La Serenissima era a quel tempo una città fiorente, con un popolo avvezzo agli scambi commerciali e culturali con l’estero. A Venezia si respirava aria di libertà, e questa era una condizione essenziale per fare impresa in campo editoriale.
A Roma, infatti, le ingerenze della chiesa cattolica arrivavano sino a impedire la diffusione di testi considerati sconvenienti; ciò generava ripercussioni economiche gravissime per l’editore, che vede il proprio libro stampato diventare carta da macero. Tutto questo, a Venezia, non c’era.

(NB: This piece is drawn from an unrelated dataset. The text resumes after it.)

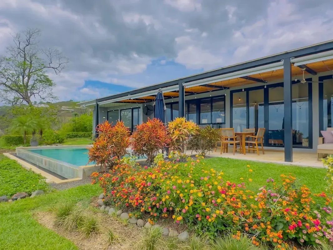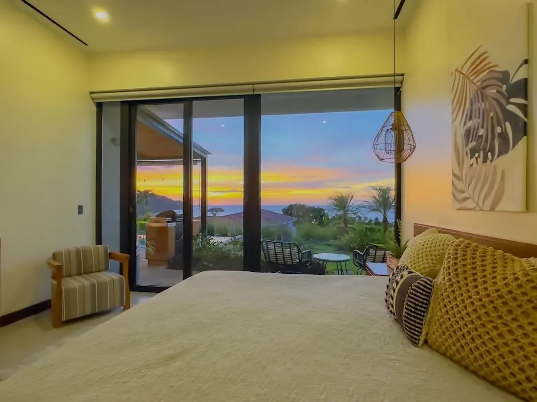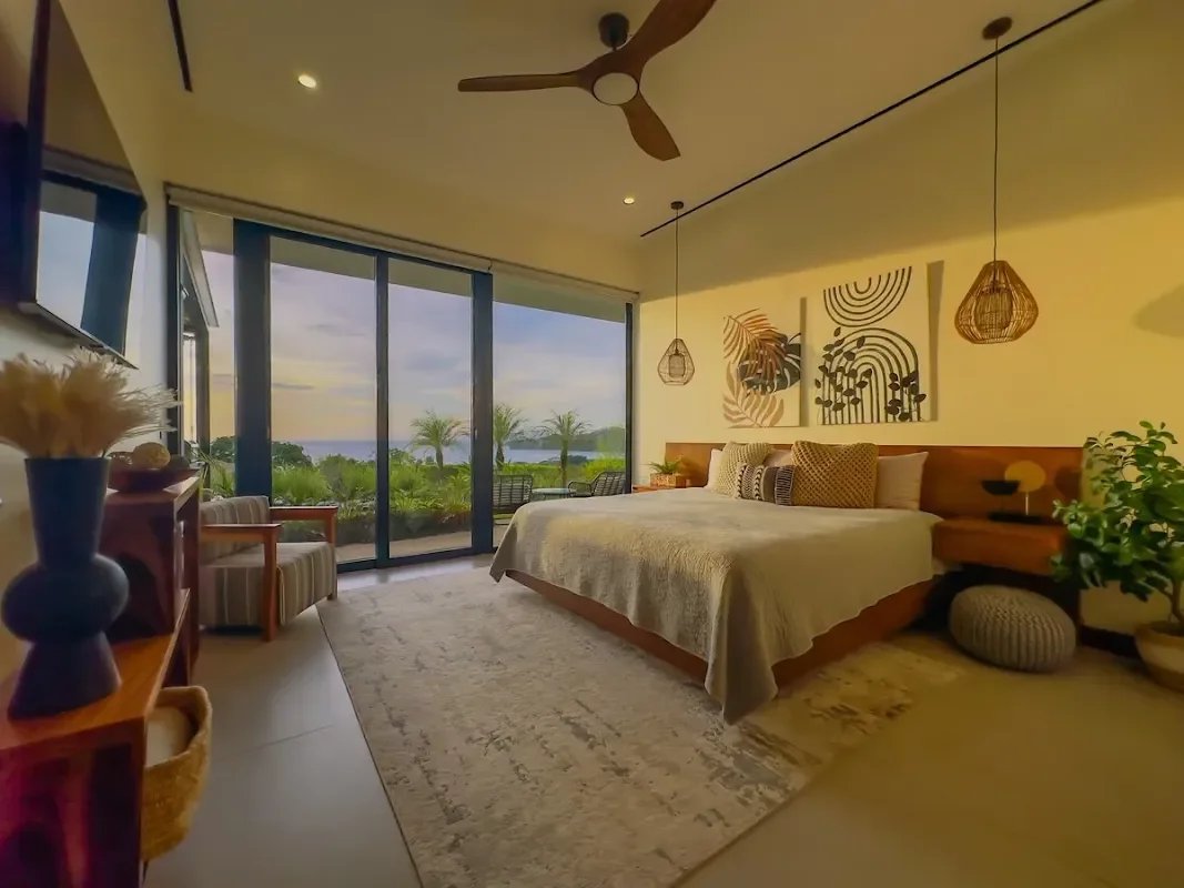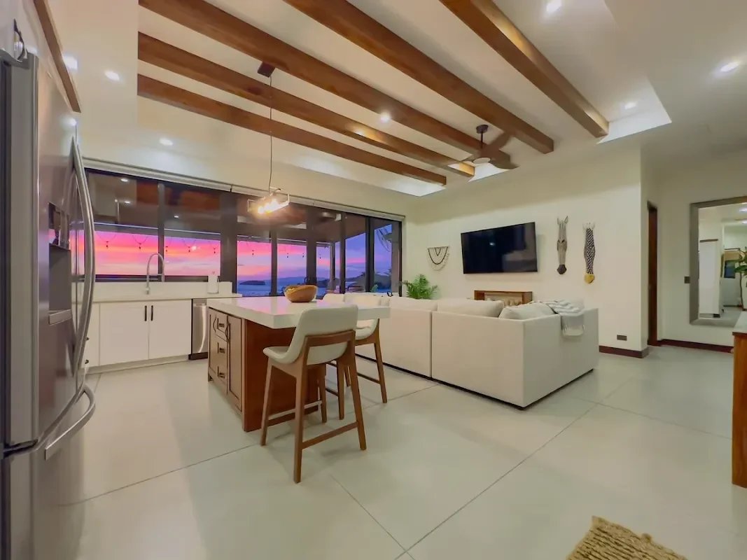 ✨ VILLA VUE OCÉAN EN RÉSIDENCE PACIFICO — PLAYAS DEL COCO, GUANACASTE, COSTA RICA — À Playas del Coco, dans la province du Guanacaste, cette villa de plain-pied achevée en 2022 incarne un art de vivre où raffinement et nature se conjuguent avec harmonie. Dès l’entrée, l’espace s’ouvre sur un salon lumineux aux plafonds à poutres apparentes décoratives, dont le regard est irrésistiblement attiré vers la terrasse, le jardin tropical et la piscine privée, illuminés chaque soir par des couchers de soleil spectaculaires sur le Pacifique.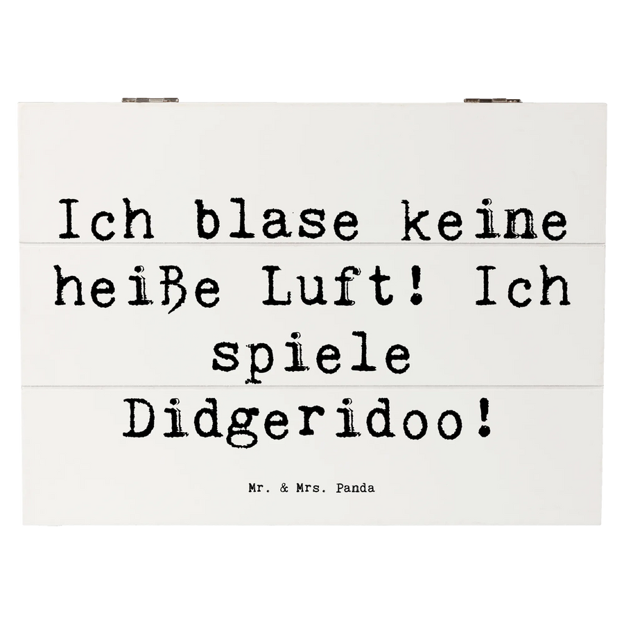 Unser didgeridoo-motiviertes Design wird alle Musiker und Kulturinteressierten begeistern. Wenn du ein Geschenk für einen Freund suchst, der ein Instrument lernt oder leidenschaftlicher Musiker ist, dann ist diese Kiste mit dem Slogan "Ich blase keine heiße Luft! Ich spiele Didgeridoo!" genau das Richtige! Sie wird als nachhaltige und wiederverwendbare Geschenkbox für besondere Anlässe geschätzt. Mit ihren stabilen Einschlagscharnieren lässt sie sich kinderleicht öffnen und schließen und schützt deine Schätze zuverlässig.

Qui Aldo Manuzio apre la propria tipografia. Da qui partono innovazioni senza precedenti, che trasformano e avvicinano il libro a quell’oggetto che oggi tutti conoscono, e cha trasformano il tipografo in qualcosa di più di un semplice stampatore di libri: egli è ora un editore.
I segni di interpunzione vengono definitivamente codificati; a quelli già noti si aggiunge l’inedito punto e virgola. Se i programmi di videoscrittura in lingua inglese chiamano il corsivo italic, questo si deve ancora una volta ad Aldo Manuzio, inventore appunto del corsivo, che oltre ad essere elegante e leggibile permetteva di risparmiare spazio, quindi carta, con ripercussioni sul prezzo di vendita. La celeberrima e stupenda raffigurazione del delfino avviluppato all’ancora serviva a difendere il proprio lavoro dalle copie illegittime, e, oltre ad avere un notevole valore artistico, cristallizza la consuetudine di creare il logo della casa editrice.
Ma sono due le innovazioni più sorprendenti per i tempi.
La prima: accompagnare ogni edizione con l’elenco delle prossime pubblicazioni. Questa pubblicità ante litteram aveva un doppio obiettivo: avvisare il pubblico per catturare nuovi acquirenti; mandare un segnale chiaro alle altre tipografie – giù le mani, è roba di Aldo.
La seconda è una creazione di portata rivoluzionaria: il formato in ottavo. Si tratta cioè dell’antenato dei moderni tascabili.
Se dunque oggi i libri sono compatti, ergonomici, se non sono più incatenati ai banchi di lettura e camminano con noi sottobraccio, questo lo dobbiamo anche a lui: Aldo Manuzio.